• **Records shown**
- - - -
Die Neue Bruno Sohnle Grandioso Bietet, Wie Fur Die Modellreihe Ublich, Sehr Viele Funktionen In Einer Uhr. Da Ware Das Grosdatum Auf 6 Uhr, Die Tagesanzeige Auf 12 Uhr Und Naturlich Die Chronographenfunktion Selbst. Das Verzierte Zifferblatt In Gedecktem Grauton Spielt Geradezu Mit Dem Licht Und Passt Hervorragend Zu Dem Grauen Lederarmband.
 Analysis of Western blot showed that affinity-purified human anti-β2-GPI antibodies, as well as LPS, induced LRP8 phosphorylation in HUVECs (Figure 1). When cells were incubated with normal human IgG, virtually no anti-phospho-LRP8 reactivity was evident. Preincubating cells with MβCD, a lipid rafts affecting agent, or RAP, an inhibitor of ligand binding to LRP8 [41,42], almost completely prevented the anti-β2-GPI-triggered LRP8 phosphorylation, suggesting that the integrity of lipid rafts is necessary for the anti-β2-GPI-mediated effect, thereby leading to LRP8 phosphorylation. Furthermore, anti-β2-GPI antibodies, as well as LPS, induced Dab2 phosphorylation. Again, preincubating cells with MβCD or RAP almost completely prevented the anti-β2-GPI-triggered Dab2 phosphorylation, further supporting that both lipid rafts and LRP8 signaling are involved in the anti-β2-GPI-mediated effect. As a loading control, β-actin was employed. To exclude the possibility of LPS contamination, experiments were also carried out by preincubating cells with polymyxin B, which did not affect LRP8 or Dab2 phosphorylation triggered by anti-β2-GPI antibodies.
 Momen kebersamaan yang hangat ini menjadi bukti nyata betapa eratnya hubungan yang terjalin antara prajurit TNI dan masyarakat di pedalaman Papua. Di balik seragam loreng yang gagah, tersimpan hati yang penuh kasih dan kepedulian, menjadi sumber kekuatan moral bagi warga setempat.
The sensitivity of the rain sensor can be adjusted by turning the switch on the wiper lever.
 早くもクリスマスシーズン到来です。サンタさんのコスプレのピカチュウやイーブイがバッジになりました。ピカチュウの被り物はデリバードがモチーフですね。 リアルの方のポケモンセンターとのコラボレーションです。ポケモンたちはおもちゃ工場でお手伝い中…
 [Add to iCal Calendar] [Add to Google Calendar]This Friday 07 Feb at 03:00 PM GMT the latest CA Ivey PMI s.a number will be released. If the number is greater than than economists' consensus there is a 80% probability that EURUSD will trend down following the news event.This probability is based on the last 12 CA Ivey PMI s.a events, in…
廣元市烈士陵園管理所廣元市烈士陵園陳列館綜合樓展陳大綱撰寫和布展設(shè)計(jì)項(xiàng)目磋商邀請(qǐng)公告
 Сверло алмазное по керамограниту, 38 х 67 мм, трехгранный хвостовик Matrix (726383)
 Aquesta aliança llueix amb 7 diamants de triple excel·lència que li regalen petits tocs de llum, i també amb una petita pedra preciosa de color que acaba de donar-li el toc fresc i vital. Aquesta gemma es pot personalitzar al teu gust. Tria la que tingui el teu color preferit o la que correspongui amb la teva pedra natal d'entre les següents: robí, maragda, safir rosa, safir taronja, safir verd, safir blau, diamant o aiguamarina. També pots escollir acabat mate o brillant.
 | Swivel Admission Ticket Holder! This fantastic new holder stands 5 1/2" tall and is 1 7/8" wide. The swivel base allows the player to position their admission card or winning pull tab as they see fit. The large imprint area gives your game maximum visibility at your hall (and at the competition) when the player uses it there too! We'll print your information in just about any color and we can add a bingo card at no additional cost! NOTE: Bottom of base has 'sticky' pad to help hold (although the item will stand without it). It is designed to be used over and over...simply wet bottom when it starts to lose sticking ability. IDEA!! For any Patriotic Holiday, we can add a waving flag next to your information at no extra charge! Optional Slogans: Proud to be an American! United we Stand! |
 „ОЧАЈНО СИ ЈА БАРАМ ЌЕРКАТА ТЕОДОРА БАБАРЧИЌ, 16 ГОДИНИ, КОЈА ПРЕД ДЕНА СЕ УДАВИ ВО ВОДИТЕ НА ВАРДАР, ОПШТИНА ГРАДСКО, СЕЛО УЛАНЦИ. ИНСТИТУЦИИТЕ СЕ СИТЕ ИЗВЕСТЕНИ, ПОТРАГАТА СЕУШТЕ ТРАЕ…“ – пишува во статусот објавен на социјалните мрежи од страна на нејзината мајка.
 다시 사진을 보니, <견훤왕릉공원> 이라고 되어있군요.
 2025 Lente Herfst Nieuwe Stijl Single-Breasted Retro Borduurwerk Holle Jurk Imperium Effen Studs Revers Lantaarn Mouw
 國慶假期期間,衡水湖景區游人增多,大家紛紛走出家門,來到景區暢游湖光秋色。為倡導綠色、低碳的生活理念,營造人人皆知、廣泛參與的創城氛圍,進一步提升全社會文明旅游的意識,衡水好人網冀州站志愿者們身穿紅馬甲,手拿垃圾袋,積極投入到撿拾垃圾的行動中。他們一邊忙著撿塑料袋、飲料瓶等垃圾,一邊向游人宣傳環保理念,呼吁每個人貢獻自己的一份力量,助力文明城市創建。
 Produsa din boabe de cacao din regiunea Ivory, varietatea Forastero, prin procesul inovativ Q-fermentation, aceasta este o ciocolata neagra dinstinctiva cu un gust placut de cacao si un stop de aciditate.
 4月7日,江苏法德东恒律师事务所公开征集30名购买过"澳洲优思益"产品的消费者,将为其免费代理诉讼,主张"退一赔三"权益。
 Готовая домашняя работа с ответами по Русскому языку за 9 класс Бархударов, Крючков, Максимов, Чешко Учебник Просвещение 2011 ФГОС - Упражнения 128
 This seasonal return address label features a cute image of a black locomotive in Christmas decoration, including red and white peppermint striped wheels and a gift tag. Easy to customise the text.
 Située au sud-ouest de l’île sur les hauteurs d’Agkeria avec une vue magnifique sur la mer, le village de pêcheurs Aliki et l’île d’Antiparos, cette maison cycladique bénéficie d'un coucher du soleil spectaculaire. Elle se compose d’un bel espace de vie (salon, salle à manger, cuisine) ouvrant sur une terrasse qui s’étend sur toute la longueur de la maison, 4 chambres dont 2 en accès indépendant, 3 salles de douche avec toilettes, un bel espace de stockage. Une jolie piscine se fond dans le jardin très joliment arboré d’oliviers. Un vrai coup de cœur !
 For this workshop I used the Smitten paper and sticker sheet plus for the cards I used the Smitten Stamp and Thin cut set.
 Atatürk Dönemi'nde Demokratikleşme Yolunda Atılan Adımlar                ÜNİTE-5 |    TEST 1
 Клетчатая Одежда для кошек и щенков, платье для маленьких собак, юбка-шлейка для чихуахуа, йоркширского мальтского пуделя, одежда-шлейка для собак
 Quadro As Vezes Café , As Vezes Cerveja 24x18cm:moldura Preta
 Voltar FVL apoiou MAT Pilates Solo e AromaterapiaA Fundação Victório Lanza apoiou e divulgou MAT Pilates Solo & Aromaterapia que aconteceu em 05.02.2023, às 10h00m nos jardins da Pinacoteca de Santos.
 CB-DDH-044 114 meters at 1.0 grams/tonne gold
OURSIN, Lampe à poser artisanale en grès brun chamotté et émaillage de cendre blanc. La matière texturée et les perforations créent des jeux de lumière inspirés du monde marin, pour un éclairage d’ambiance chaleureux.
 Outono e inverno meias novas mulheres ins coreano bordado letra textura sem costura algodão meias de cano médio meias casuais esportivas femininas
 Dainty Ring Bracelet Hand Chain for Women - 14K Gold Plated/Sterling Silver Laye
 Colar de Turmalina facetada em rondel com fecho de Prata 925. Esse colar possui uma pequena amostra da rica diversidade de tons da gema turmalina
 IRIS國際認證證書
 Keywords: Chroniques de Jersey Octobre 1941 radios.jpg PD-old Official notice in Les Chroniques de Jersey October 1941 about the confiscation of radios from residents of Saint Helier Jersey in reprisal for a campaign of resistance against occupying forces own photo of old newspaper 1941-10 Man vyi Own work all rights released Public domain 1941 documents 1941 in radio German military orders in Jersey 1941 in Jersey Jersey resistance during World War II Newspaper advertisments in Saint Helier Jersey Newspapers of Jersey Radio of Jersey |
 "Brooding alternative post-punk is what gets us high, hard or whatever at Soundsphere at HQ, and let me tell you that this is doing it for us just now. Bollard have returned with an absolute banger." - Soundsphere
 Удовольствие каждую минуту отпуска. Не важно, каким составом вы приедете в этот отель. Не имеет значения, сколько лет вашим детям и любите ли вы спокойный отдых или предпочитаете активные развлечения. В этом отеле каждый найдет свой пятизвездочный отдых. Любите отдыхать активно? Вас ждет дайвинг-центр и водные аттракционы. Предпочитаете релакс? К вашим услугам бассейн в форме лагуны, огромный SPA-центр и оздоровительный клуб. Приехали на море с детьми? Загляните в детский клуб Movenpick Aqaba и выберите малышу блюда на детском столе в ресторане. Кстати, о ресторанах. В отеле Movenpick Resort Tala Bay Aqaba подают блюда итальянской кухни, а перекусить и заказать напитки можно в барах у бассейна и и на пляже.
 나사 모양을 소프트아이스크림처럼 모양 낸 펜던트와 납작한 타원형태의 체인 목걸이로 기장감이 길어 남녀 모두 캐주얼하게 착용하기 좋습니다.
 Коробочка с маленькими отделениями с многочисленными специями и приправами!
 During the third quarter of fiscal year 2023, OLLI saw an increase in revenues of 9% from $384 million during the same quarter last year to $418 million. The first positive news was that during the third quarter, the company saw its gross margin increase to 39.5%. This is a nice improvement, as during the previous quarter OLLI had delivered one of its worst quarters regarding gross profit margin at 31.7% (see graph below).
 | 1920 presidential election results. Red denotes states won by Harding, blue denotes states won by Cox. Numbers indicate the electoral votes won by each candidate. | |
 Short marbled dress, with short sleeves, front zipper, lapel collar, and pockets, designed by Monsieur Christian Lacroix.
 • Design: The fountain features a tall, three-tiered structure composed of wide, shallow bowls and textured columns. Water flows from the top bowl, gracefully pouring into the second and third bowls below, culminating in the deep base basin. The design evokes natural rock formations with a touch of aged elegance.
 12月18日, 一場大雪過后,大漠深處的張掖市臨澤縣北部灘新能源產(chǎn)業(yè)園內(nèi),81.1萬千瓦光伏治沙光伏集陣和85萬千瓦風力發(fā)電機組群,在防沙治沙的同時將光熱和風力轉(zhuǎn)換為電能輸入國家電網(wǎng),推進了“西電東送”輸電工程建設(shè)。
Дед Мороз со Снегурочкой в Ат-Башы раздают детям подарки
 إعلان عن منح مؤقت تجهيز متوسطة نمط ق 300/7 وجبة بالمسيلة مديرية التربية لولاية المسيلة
- - - -
• **Instructions to follow**
Print only the lines from the top of the data above down to the line holding "The sensitivity of", inclusive.

• **Written response**
Die Neue Bruno Sohnle Grandioso Bietet, Wie Fur Die Modellreihe Ublich, Sehr Viele Funktionen In Einer Uhr. Da Ware Das Grosdatum Auf 6 Uhr, Die Tagesanzeige Auf 12 Uhr Und Naturlich Die Chronographenfunktion Selbst. Das Verzierte Zifferblatt In Gedecktem Grauton Spielt Geradezu Mit Dem Licht Und Passt Hervorragend Zu Dem Grauen Lederarmband.
 Analysis of Western blot showed that affinity-purified human anti-β2-GPI antibodies, as well as LPS, induced LRP8 phosphorylation in HUVECs (Figure 1). When cells were incubated with normal human IgG, virtually no anti-phospho-LRP8 reactivity was evident. Preincubating cells with MβCD, a lipid rafts affecting agent, or RAP, an inhibitor of ligand binding to LRP8 [41,42], almost completely prevented the anti-β2-GPI-triggered LRP8 phosphorylation, suggesting that the integrity of lipid rafts is necessary for the anti-β2-GPI-mediated effect, thereby leading to LRP8 phosphorylation. Furthermore, anti-β2-GPI antibodies, as well as LPS, induced Dab2 phosphorylation. Again, preincubating cells with MβCD or RAP almost completely prevented the anti-β2-GPI-triggered Dab2 phosphorylation, further supporting that both lipid rafts and LRP8 signaling are involved in the anti-β2-GPI-mediated effect. As a loading control, β-actin was employed. To exclude the possibility of LPS contamination, experiments were also carried out by preincubating cells with polymyxin B, which did not affect LRP8 or Dab2 phosphorylation triggered by anti-β2-GPI antibodies.
 Momen kebersamaan yang hangat ini menjadi bukti nyata betapa eratnya hubungan yang terjalin antara prajurit TNI dan masyarakat di pedalaman Papua. Di balik seragam loreng yang gagah, tersimpan hati yang penuh kasih dan kepedulian, menjadi sumber kekuatan moral bagi warga setempat.
The sensitivity of the rain sensor can be adjusted by turning the switch on the wiper lever.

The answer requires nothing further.